CTAs like the above make it easy for the prospects to answer “yes” by reducing the decision fatigue. Also, place the CTA where you think your cold email peaks. Placing the CTA randomly won’t help.
12. Try light humor (If appropriate)
A little humor in your emails can help you stand out and make the recipient continue reading your email. It humanizes your cold emails and gives a friendly tone that B2B prospects usually don’t see in their emails.
Try something subtle like,
- “I know another email isn’t what you asked for today…”
- “Cold emails can feel like those annoying pop-up ads, so I’ll make this brief…”
- “This email is not a dream vacation, but I can transform your work life a vacation…”
Using humor in your cold email marketing results in a relaxed interaction. But use it only as long as it is appropriate to the context.
13. Express appreciation
Sincere compliments are always well received. Appreciating the work of the recipient or the recipient’s company will gain their attention.
To appreciate,
- “It is inspiring to see [company] innovate in the [industry]….”
- “The impact [company] has on [market] is remarkable…”
- “Your expertise in [subject] is exceptional….”
- “[Company]’s dedication to [value] and [value] is admirable….”
This shows that you are familiar with them and their company, and that you have done your research before reaching out. Also, appreciation displays respect towards the prospects which makes them more likely to engage.
14. Follow-up, but don’t overdo it
To close a deal, sales reps usually have to do 5 follow-ups after the initial email. If you don’t get a response, you can follow-up in 4 to 7 days. Be gentle and easy, don’t be pushy.
No one likes a stranger pushing them to do something.
Dos and Don’ts while you write follow-up emails:
Dos:
- Mention past interaction
- Add value with every follow-up
- Add clear CTA
Don’ts:
- Don’t overwhelm
- Avoid dull or generic tone and message
- Avoid guilt trips
These might help you draft better follow-up emails after the initial email that can progress your sales prospects further down the sales funnel.

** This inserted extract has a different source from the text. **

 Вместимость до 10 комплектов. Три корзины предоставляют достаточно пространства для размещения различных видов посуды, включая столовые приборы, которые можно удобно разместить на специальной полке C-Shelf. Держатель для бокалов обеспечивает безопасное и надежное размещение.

15. A/B test your approach
While cold emailing, testing it in different ways is necessary. Because a cold email that did not work best with a certain set of audience could work better with another set.

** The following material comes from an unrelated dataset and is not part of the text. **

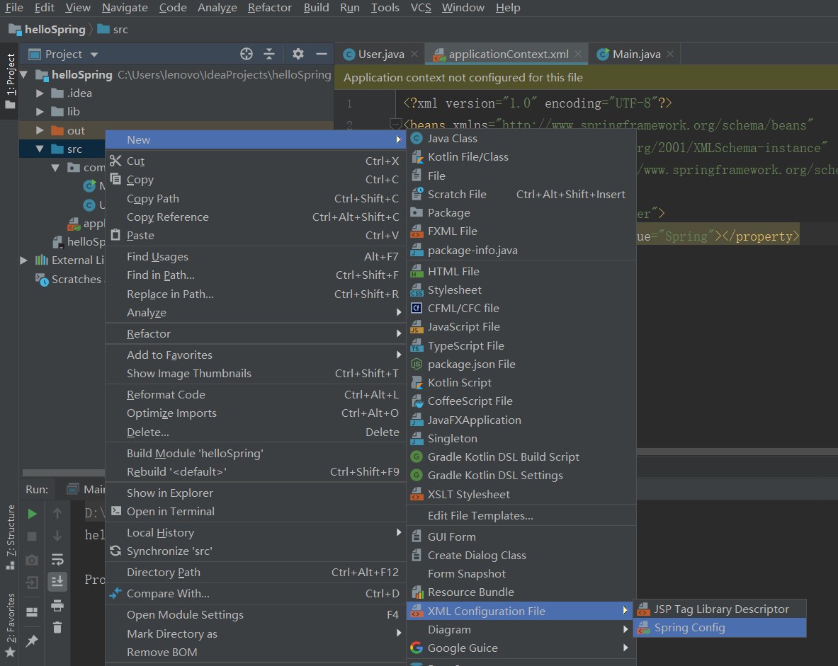创建一个配置文件,src->new->XML Configuration File->Spring Config,推荐命名为applicationContext

The same goes with the subject lines, email body, text length, CTAs, humor, and every part of the email.
So, test what works and what does not for every set of audience before settling with an average performing cold email list. Also, check for the email types and cold email templates that work well, whether images or texts or links, mix and match every possible email and learn what performs well in your market.
16. Avoid self-focus
Keep the focus on your prospects, not on you. Try to minimize the ‘I’ parts in your cold emails. People enjoy getting attention, so when you draft cold emails, make sure that you address your prospects more and the email’s energy must be revolving around them and add value to the recipient.

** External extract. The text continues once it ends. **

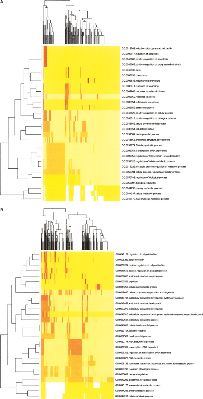 Clustering of over-represented Gene Ontology (GO) classes in predicted targets of differential microRNAs. Shown are heat map representations of GO (Ashburner et al. 2000) terms over-represented among predicted cooperative targets (Y-axis) of hESC-enriched miRNAs (A) and EB-enriched miRNAs (B). All genes with statistically over-represented GO annotations were included (P < 0.01, X-axis) as identified by GoStat (Beissbarth and Speed 2004). GO terms common to both sets of genes were those involved in transcriptional regulation, differentiation, and development. Those GO terms unique to hESC-enriched miRNA targets were associated with programmed cell death, response to stress, and cell motility while those unique to EB-enriched miRNA targets describe various aspects of cell proliferation regulation as well as nucleotide and nucleic acid metabolism.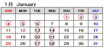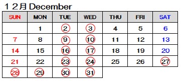2025年12月1日(月)~12月26日(金) 平日 12:00 ~ 18:00 土日祝 10:00 ~ 18:00 (○印は定休日:火曜日・水曜日)

For example, instead of saying “I do [service or product] and this can solve [pain point]”, try “I noticed that you are expanding into [expansion area], and you must be facing [pain point]. Our [product or service] can help you here.”
17. Acknowledge their time
This is something that is never considered but has a greater impact when it comes to performance.
While addressing your prospects, add a few words like “I’ll be brief,” or “I’ll make this short,” or “I know you’re busy.” This makes your email feel considerate, conveying that you value the recipient’s time and attention.
18. Close with a gentle nudge
Ending your email with a “let me know” equals to not ending your email.
Always add a gentle nudge that may influence the receiver into clicking the CTA.
Use statements like,
- “I would like to discuss how we can work together….”
- “I’d be happy to share more details….”
- “Feel free to reach out if you need further information…”
- “I am eager to find out how we partner together….”
- “Looking forward to hearing your thoughts and answering your queries….”
Words like the above push your prospects to the CTA.
Write Cold Emails That Convert
I hope the above cold email tips help you draft improved cold emails that accelerate your sales prospecting and add value to your sales process.